Patient
- Industry: Medicine and Healthcare
- Founded: 1996
- Headquarters: Leeds, United Kingdom,
- Area served: United Kingdom (Patient Access); Worldwide (Patient.info);
- Owner: Navigate Health
- Website: patient.info

= Patient UK =

Website providing medical information

Patient is a subsidiary of Navigate Health. First launching in 1996 as a directory of UK websites providing health related information, the company now provides digital healthcare products to the public in the form of Patient.info.

==Patient.info==

Patient.info is an online resource providing information on health, lifestyle, disease and other medical related topics. The website's aim is to provide members of the public with up-to-date information on health related topics in the form of comprehensive leaflets (which can be read online or printed), blogs, wellbeing advice and videos. Leaflets are compiled and reviewed by qualified medical practitioners with several years of experience in the medical profession. Users also have access to a symptom checker where they may attempt to self-diagnose any health condition they may have. As well as these resources, there is also a community forum to discuss any health topics with other users of the website, however healthcare professionals do not actively review this section.

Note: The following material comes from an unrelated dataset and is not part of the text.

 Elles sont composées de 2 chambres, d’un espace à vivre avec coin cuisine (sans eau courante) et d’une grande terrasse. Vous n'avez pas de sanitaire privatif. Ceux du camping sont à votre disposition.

Another section of the website contains articles and content geared towards medical professionals. These professional articles are typically written in a more technical manner, going into more specific detail and using more industry-specific language and jargon.

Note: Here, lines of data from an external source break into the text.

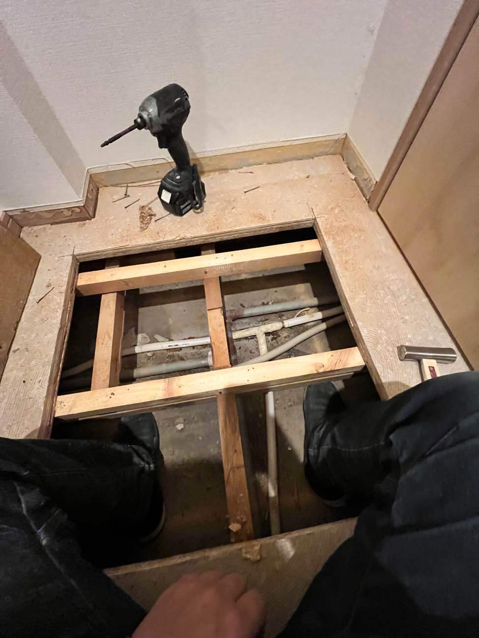 上階にお住まいの入居者様にお話しさせていただき、調査を開始。 怪しい箇所の床を部分的に開口して確認したところ、原因は**給湯管(お湯の配管)に生じたピンホール(小さな穴)**でした。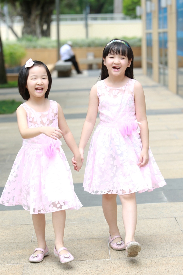 | Á quân Bích Ngọc cùng em gái tươi tắn trong bộ đầm voan mỏng, họa tiết hoa tinh tế, trang nhã. |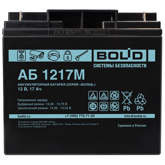 АБ 1217М – аккумулятор стационарный свинцово-кислотный с регулирующим клапаном для применения в резервированных источниках питания (РИП), приборах приемно-контрольных, шкафах оборудования пожарной автоматики, и другом сложном оборудовании систем безопасности, более требовательном к характеристикам и продолжительности срока службы аккумуляторных батарей.

There is also a paid-for service called Patient Pro, where users may pay a monthly subscription fee in order to gain access to enhanced site capability.

Information on Patient.info is updated to keep abreast of the latest medical evidence, with each leaflet reviewed every two years or earlier when necessary (whichever comes first).

In 2013, the site appeared in a "Top 50 websites" feature published in The Times.

In 2025, the site was acquired by Navigate Health.

In June 2025,Which named Patient.info as one of the trusted health websites that GPs recommend. The independent consumer champion said: "if you want to find out more info about a condition or check health symptoms, Patient.info is one of the trusted sources of medical info the GPs we spoke to recommend.Patient.info is a comprehensive site which offers user-friendly advice and information on conditions, medications, and procedures - all approved by clinicians."

==Awards==

Patient claims to have won several awards for its content over several years from different award bodies.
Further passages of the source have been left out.